_Exercise objective_
Please copy, exactly as written, the span from the first line below to the line that contains "I februari hade", including both, and skip the pictures.

━━━ Data shown

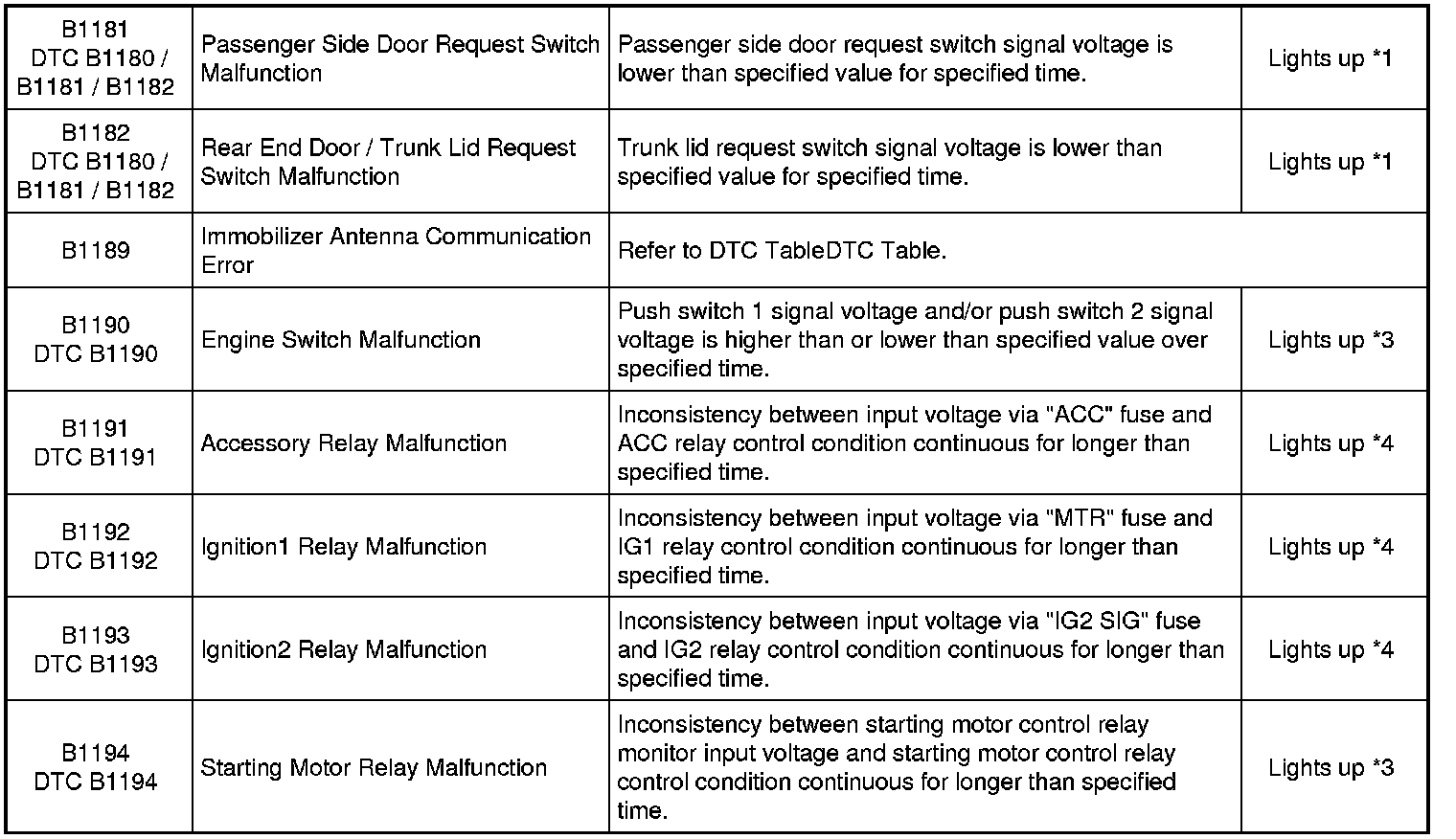 - *4: Immobilizer indicator light lights up when relay is turned on. "SERVICE START SYSTEM" is shown in information display.
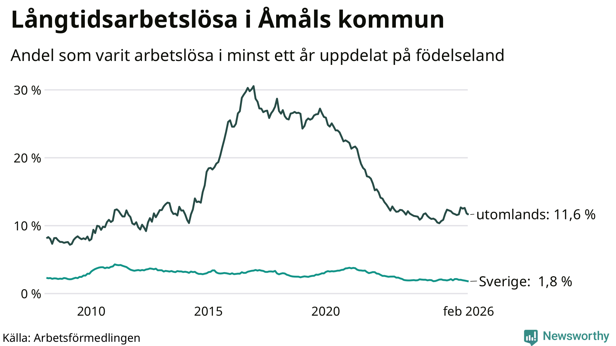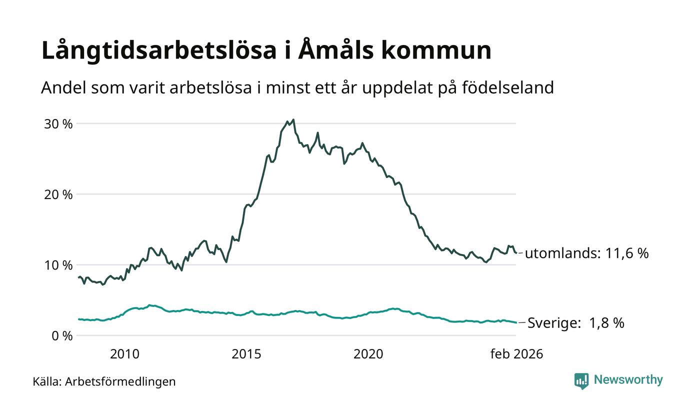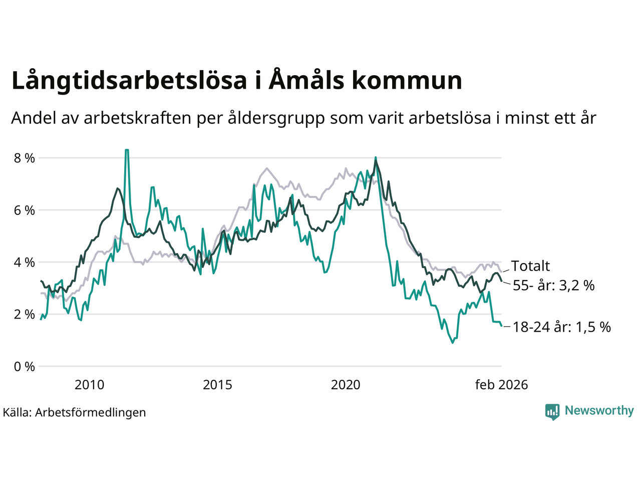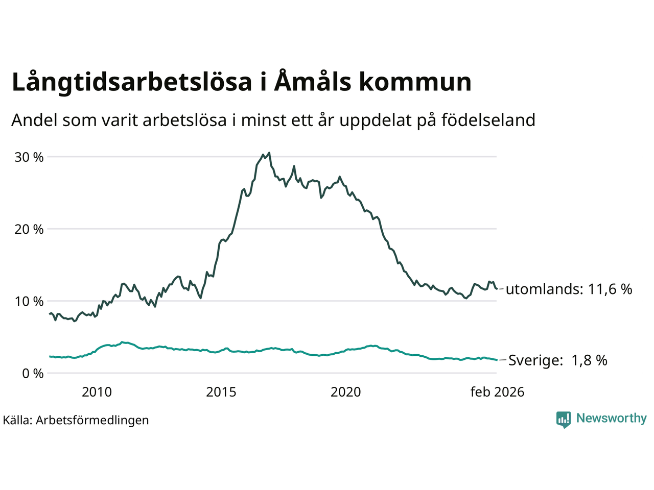I februari hade 191 Åmålsbor varit arbetslösa i minst ett år, vilket är fem färre än månaden innan. Det är den fjärde månaden i rad med minskande antal långtidsarbetslösa. 191 personer motsvarar 3,6 procent av arbetskraften i kommunen – andelen långtidsarbetslösa är ungefär på samma nivå som för ett år sedan.
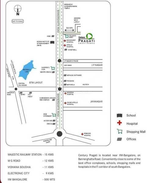 Century Pragati is a luxurious residential project located in South Bangalore, Bangalore. The project offers 72 units spread over an acre of land. The units are in the range of 834 sqft to 1438 sqft and come with all the modern amenities that one could ask for. The project is located near IIM Bangalore on Bannerghatta road, close to some of the best office complexes, schools and shopping malls in the city.
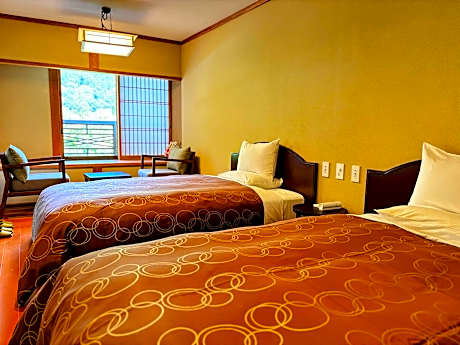 Great care is taken to ensure guests experience comfort through top-notch services and amenities. Remain linked during your visit by utilizing the complimentary internet access available. The ryokan offers complimentary parking for guests who arrive with their own mode of transport.Effortlessly plan your daily activities and travel requirements with luggage storage and safety deposit boxes provided by the front desk services. Need some relaxation? Your room features daily housekeeping to make your stay even more comfortable and enjoyable. The ryokan is completely smoke-free. In limited designated zones, smoking is exclusively permitted. Crafted for coziness, every guestroom provides an array of features, guaranteeing a tranquil night's sleep while maintaining the level of comfort. For an elevated experience at ryokan, select rooms are equipped with air conditioning to improve your stay.Expand your in-room entertainment choices with various amenities, such as television offered in certain accommodations. In select rooms, the ryokan offers visitors access to a refrigerator.Maintain your cleanliness and comfort using a hair dryer, toiletries, bathrobes and towels available in select guest restrooms. Begin your holiday mornings right with your essential cup of coffee, offered daily at the cafe on-site. Experience a fantastic evening effortlessly! Relish an entertaining night without venturing beyond the confines of the bar.Snack vending machines operate around the clock, providing you with easy access to treats regardless of the hour. Indulge in the numerous pursuits available at Yufuin Santoukan. Treat and spoil yourself by stopping at massage and sauna for a memorable experience.
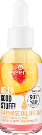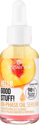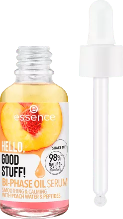 Dwufazowe serum Essence Hello, Good Stuff! to innowacyjne rozwiązanie, które nie tylko pobudza zmysły dzięki świeżemu, brzoskwiniowemu zapachowi, ale także zapewnia doskonałą pielęgnację skóry. Po delikatnym wstrząśnięciu, aby wymieszać obie fazy, serum oferuje wyjątkowe nawilżenie oraz niezrównaną gładkość skóry. Co więcej, 98% składników jest pochodzenia naturalnego, co czyni ten produkt przyjaznym zarówno dla Ciebie, jak i dla środowiska.
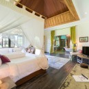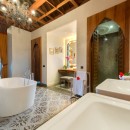 Bedroom 3: Lower floor - Love & Romance bedroom with a king-size bed, A/C, TV/DVD, desk, sofa,  and en-suite bathroom with outdoor shower, bathtub, double vanity, and WC. 2 guest maximum
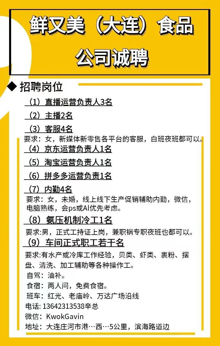 要求:有水产或冷库工作经验,贝类、虾类、裹粉、摆盘、清洗、加工辅助等各种操作工。
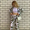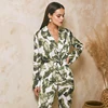 Banana Leaf Print Robe Sets Long Sleeve Satin Pajamas Tropical Graphic 2 Piece Set Women Sleepwear Home Suit Sets Bathrobe 2022
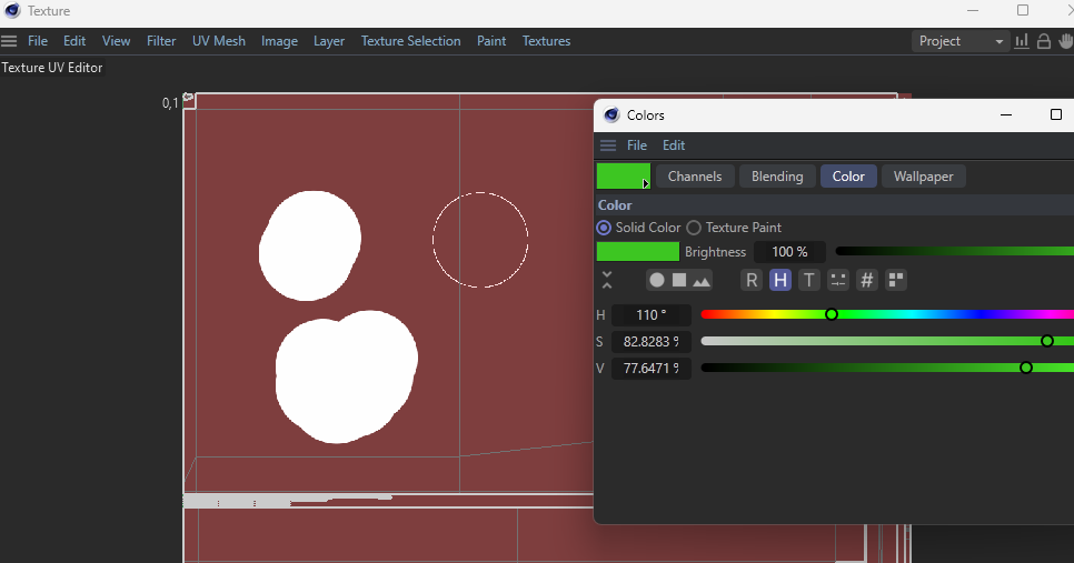 Painting on textures from Octane material is limited only to white color. There is no way to change color.
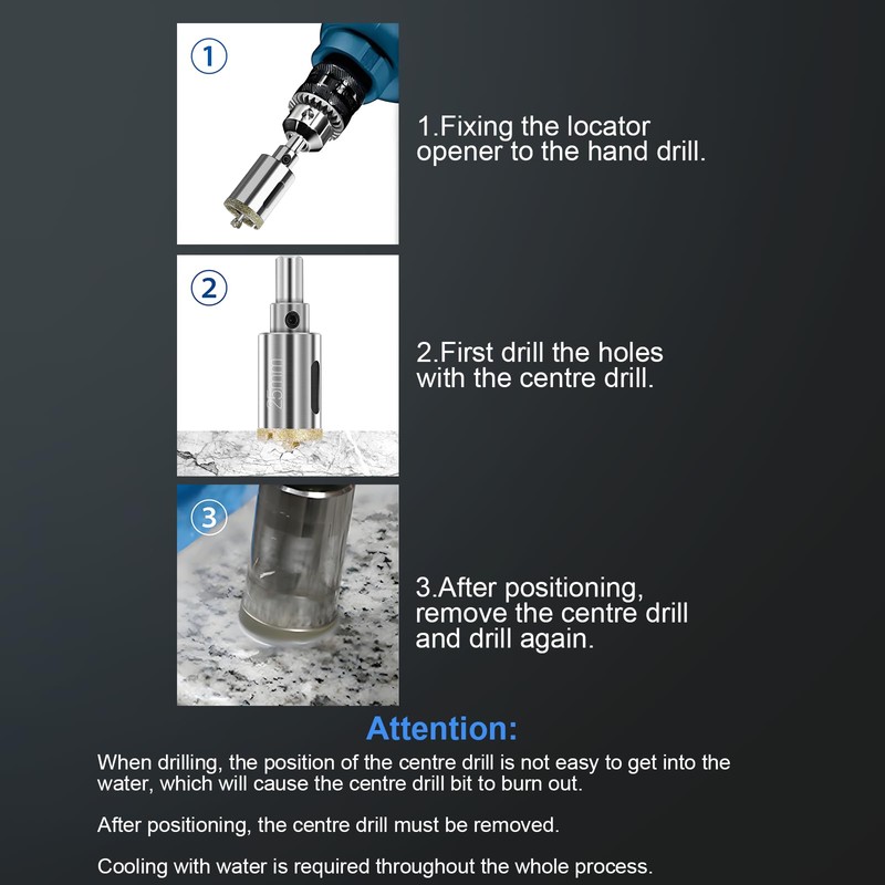 - 【Instructions for use】: Keep drilling vertically, when a round slot is drilled, you can remove the centring tip and continue drilling. Keep the RPM 500-800 and use water to keep it cooling for last long.
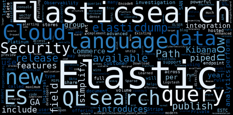 This document will help you to evaluate Elastic without reading an infinite amount of sources. Relying only on stock quotes or prices to make investment decisions is a mistake. Analyzing and observing stock charts, highs and lows and other numerical data does not allow to evaluate the real value of a company. Stock quotes and prices are the result of underlying characteristics of a company and of events and news happening around them. For this reason, investing must be based on information, not numbers. As a solution, we programmed an artificial intelligence that reads the whole internet and the uses natural language processing and vectorizers to summarize the information. Usually, the AI reads several hundred pages and summarize it to a short document. This document presents our results. We found that the most common words in the internet about Elastic are: Elastic, Elasticsearch, Cloud, query, new, language, search, and the …

━━━━━━

_Solution for this task_
 - *4: Immobilizer indicator light lights up when relay is turned on. "SERVICE START SYSTEM" is shown in information display.
I februari hade 191 Åmålsbor varit arbetslösa i minst ett år, vilket är fem färre än månaden innan. Det är den fjärde månaden i rad med minskande antal långtidsarbetslösa. 191 personer motsvarar 3,6 procent av arbetskraften i kommunen – andelen långtidsarbetslösa är ungefär på samma nivå som för ett år sedan.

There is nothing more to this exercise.